You may scoff. “Of course not, Andrew. You’re in a wealthy boarding school. They wouldn’t tolerate incompetent teachers for very long.” And yes, I suppose that’s true. But I still don’t know any incompetent teachers.
And I bet that you don’t, either. I don’t care how impoverished or broken down your school is. I’d guess that there aren’t any genuinely incompetent teachers in that school of yours.
On my late-March trip down to DC with a group of kids, we shared the train with an exuberant group of middle schoolers from a mostly-black urban school in Hartford. They were awesome. It was clear that they’d worked hard to pull together enough cash to go on this trip to the capital; for most of them it was the farthest they’d been from home in their lives. They did it on a shoestring budget, much more lean than the $800 a kid I’d had to work with. Car washes, bake sales, incredible wrangling every step of the way.
On the way home, one or two teachers rounded up everyone and made them get out ire worksheets. They turned the train car into an impromptu classroom. And my students, my colleague and I listened in astonishment and mild horror as the teacher read out a list of around 100 questions about Washington, DC monuments, architecture, and trivia.
No questions about Congress, or the Supreme Court, or the presidency. It was all “how high is the Washington monument?” and “when were the cherry trees planted round the Tidal Basin?” my colleague and I listened to the groans and dismay as it became clear that this was a marathon trivia search for kids, and most of them had no idea what the answers were.
And of course you’re thinking, “that’s an incompetent teacher right there! She’s one! Exhibit A! Look with your eyes open, kid!”
Oh. But hold on.
This teacher was not one of the lead organizers, from what I understood. Yet she felt she needed to contribute something to this trip. She found a niche for herself. She found a website with a bunch of questions about DC, and she was going to quiz the kids on them on the train ride home. She was going to turn a crowded train car at the end of a weeklong field trip into a mobile classroom for an hour.
And the questions she picked? It turns out they were from the employment opportunities side of the website of a company that runs student tours of Washington, DC. These were the questions that guides were supposed to have the answers for at the tips of their tongues.
That’s standards-based education right there. Want a job as a DC tour guide? Know the city inside out from the level of trivia on up.
If I think through the teachers in my school, doing each and every one of them justice, and not just giving the pass to the ones I like, I have to admit that I respect them all. Some of them are passionate, others phlegmatic, others angry, others dull and dry. Some are lax, some are rigorous, some are easy-going, some are hard-asses. Some are misinformed, or mean, or blind to kids’ machinations or weaknesses, or poor disciplinarians.
But none of them — not one — is incompetent.
This is way too hard a job for the incompetent.
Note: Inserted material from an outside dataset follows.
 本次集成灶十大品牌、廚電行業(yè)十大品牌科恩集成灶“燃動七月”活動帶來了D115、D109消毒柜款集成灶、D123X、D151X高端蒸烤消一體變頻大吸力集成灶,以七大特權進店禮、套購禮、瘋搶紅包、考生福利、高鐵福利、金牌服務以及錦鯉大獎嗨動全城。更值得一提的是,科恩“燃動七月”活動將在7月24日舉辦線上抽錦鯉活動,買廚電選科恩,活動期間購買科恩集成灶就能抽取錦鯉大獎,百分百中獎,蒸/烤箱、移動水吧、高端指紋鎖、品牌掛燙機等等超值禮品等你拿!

They leave midyear. They bow out at the end of the year, with little fuss. They stick it out for a year or two and then vanish. A few really horrible ones abuse their students or have sex with them, get arrested and vanish after the media circus. And we who stay in the profession forget their names, forget their faces… forget that they were ever here.
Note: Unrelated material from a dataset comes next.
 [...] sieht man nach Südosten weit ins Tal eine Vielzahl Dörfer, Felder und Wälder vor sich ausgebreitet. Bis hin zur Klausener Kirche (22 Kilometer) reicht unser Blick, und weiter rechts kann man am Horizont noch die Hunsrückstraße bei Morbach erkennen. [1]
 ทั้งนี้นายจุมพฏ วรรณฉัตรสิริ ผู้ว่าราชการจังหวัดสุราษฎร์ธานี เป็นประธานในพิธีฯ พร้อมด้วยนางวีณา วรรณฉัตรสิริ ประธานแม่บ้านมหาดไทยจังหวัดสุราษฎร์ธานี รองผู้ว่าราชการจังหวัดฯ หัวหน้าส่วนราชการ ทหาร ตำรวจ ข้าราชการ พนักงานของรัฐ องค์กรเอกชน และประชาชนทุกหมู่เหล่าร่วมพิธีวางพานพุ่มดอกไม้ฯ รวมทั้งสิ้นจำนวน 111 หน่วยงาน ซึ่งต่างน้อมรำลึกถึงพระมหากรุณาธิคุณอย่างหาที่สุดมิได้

We remember the ones who stick it out.
So no. I don’t know any incompetent teachers. And neither do you. If a reporter you trusted came to you, and insisted you provide her with a name, just one, only one, incompetent teacher that should be fired — I bet you can’t think of someone, anyone, who is so awful that they should pilloried on the front page of the local paper as the Worst Teacher In The World.